[Opening STORED DATA section]

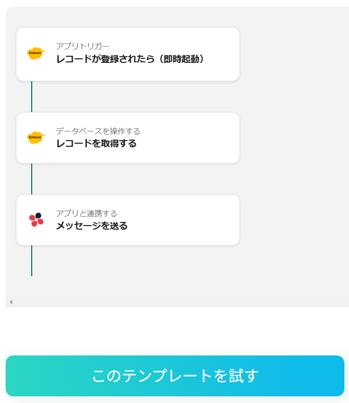 また、Chatworkに送信されたメッセージをkintoneに追加することもできます。
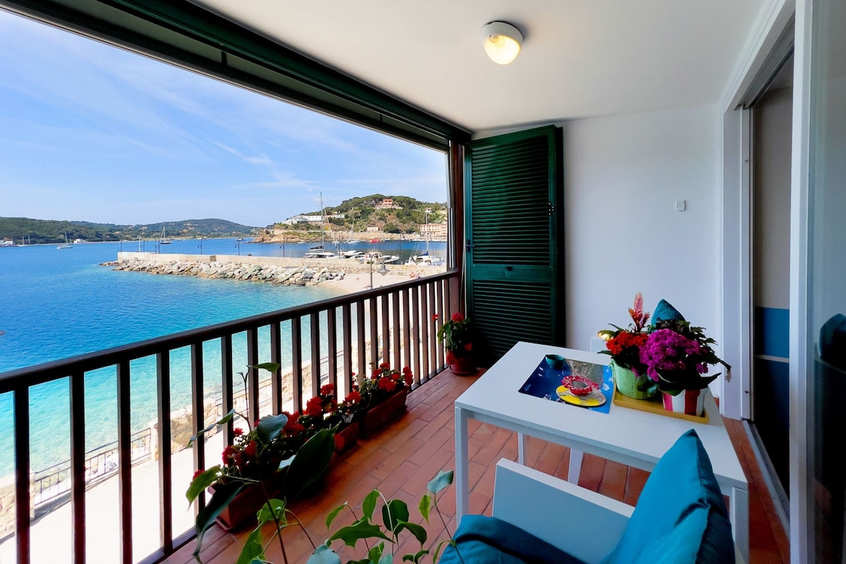 Il nostro appartamento si trova sul lungomare di Porto Azzurro: l'ampia finestra del soggiorno è un quadro che cambia di continuo a seconda delle ore del giorno, del vento, della stagione. Dall'inverno all'estate non ci si stanca mai di stare seduti sul balcone ad ammirare il mare: le barche che entrano in porto o che partono per il loro viaggio, le persone, i turisti, i pescatori.. dopo qualche giorno anche voi avrete imparato a riconoscerli e vi faranno compagnia nella vostra vacanza
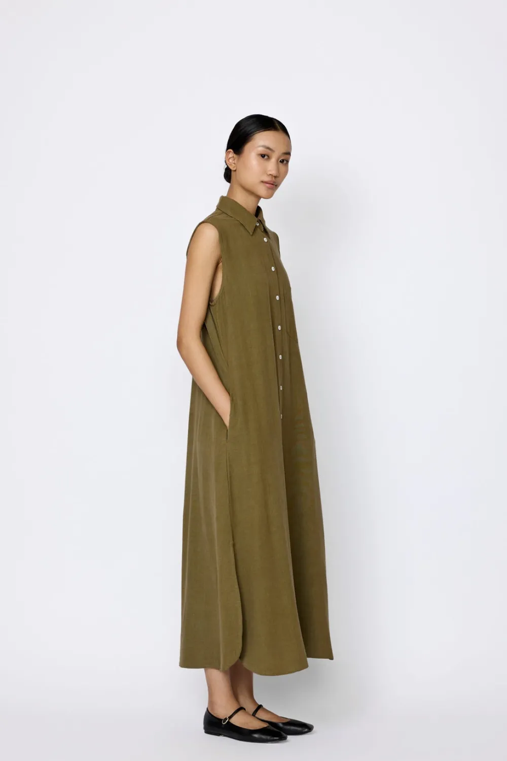 ffortless yet refined, our sleeveless shirt dress is perfect for everyday wear. Crafted from beautifully textured raw silk, it offers a relaxed fit with an elevated finish. This versatile piece features a playful pocket, optional belt and inseam pockets for convenience. A truly timeless design.

[Closing STORED DATA section]

• **PROBLEM**
Reproduce the material in its entirety and word for word, without the pictures.

• **EXPECTED OUTPUT**
 また、Chatworkに送信されたメッセージをkintoneに追加することもできます。
 Il nostro appartamento si trova sul lungomare di Porto Azzurro: l'ampia finestra del soggiorno è un quadro che cambia di continuo a seconda delle ore del giorno, del vento, della stagione. Dall'inverno all'estate non ci si stanca mai di stare seduti sul balcone ad ammirare il mare: le barche che entrano in porto o che partono per il loro viaggio, le persone, i turisti, i pescatori.. dopo qualche giorno anche voi avrete imparato a riconoscerli e vi faranno compagnia nella vostra vacanza
 ffortless yet refined, our sleeveless shirt dress is perfect for everyday wear. Crafted from beautifully textured raw silk, it offers a relaxed fit with an elevated finish. This versatile piece features a playful pocket, optional belt and inseam pockets for convenience. A truly timeless design.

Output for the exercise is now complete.